Problem requirements: Without the pictures, retype each line below exactly as it stands.

The data:
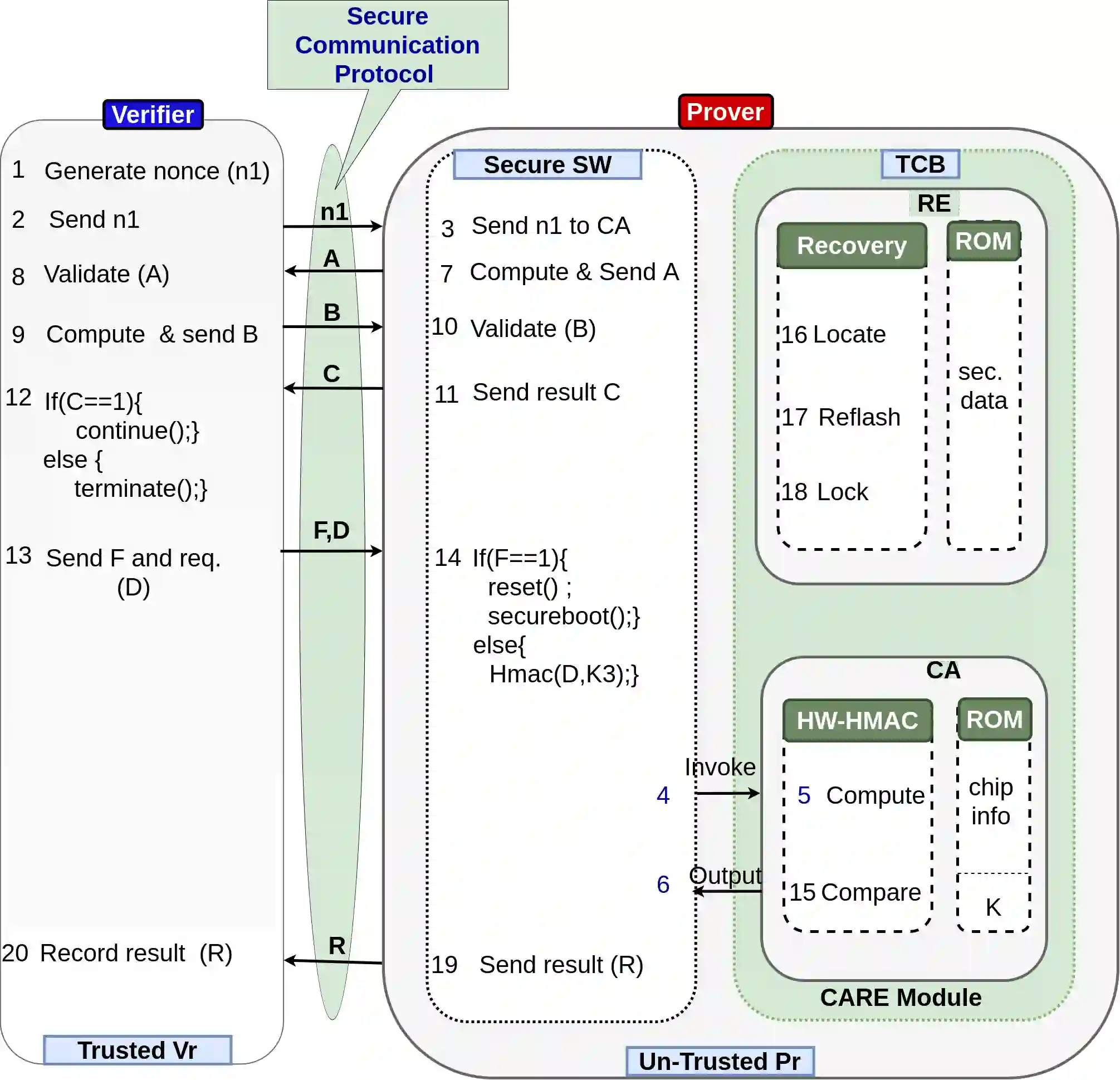 翻译:最近的技术进展使得大量使用小型嵌入式和IOT装置收集、处理和传输安全关键信息和用户数据成为了增加尖端攻击的催化剂,例如重播、中层人和恶意代码修改,以连接、泄漏、变节或利用安全关键信息进行恶意活动。因此,安全通信和软件状态保证(在运行和启动时)已成为公开的安全问题。此外,这些装置需要有一个适当的恢复机制,将它们带回已知的良好运行状态。以前的研究人员已经展示了独立的攻击探测和防护方法。然而,大多数研究人员缺乏在板上提供系统恢复和安全通信技术的功能。为了缩小这一差距,本稿建议SACARE(SACARE)-一个框架,利用定制光量、安全通信协议进行远程/当地验证,以及安全启动船上复原力恢复机制,以保护上述装置免受攻击。原型安装了高效的轻度、低功率32级的中继机探测和防护。
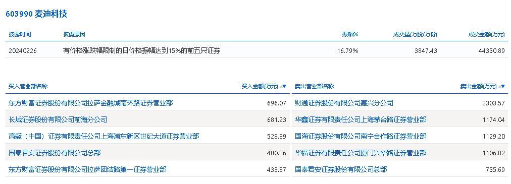 2月26日,麦迪科技今日跌4.67%,龙虎榜数据显示,上榜营业部席位全天成交9289.24万元,占当日总成交金额比例为20.94%。其中,买入金额为2819.92万元,卖出金额为6469.32万元,合计净卖出3649.4万元。
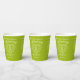 Green peridot colour wedding celebrating 1 year of love anniversary party paper cup. Celebrating 1 year of love, a simple heart stone effect line art graphic in white on a green background colour personalised cups. Customise with your own choice of names or relations, their anniversary dates. Other matching items are available. The first wedding anniversary is associated with the green gemstone peridot and the heart symbolises love. Original graphics and design by Sarah Trett for www.mylittleeden.com and

Task solution:
 翻译:最近的技术进展使得大量使用小型嵌入式和IOT装置收集、处理和传输安全关键信息和用户数据成为了增加尖端攻击的催化剂,例如重播、中层人和恶意代码修改,以连接、泄漏、变节或利用安全关键信息进行恶意活动。因此,安全通信和软件状态保证(在运行和启动时)已成为公开的安全问题。此外,这些装置需要有一个适当的恢复机制,将它们带回已知的良好运行状态。以前的研究人员已经展示了独立的攻击探测和防护方法。然而,大多数研究人员缺乏在板上提供系统恢复和安全通信技术的功能。为了缩小这一差距,本稿建议SACARE(SACARE)-一个框架,利用定制光量、安全通信协议进行远程/当地验证,以及安全启动船上复原力恢复机制,以保护上述装置免受攻击。原型安装了高效的轻度、低功率32级的中继机探测和防护。
 2月26日,麦迪科技今日跌4.67%,龙虎榜数据显示,上榜营业部席位全天成交9289.24万元,占当日总成交金额比例为20.94%。其中,买入金额为2819.92万元,卖出金额为6469.32万元,合计净卖出3649.4万元。
 Green peridot colour wedding celebrating 1 year of love anniversary party paper cup. Celebrating 1 year of love, a simple heart stone effect line art graphic in white on a green background colour personalised cups. Customise with your own choice of names or relations, their anniversary dates. Other matching items are available. The first wedding anniversary is associated with the green gemstone peridot and the heart symbolises love. Original graphics and design by Sarah Trett for www.mylittleeden.com and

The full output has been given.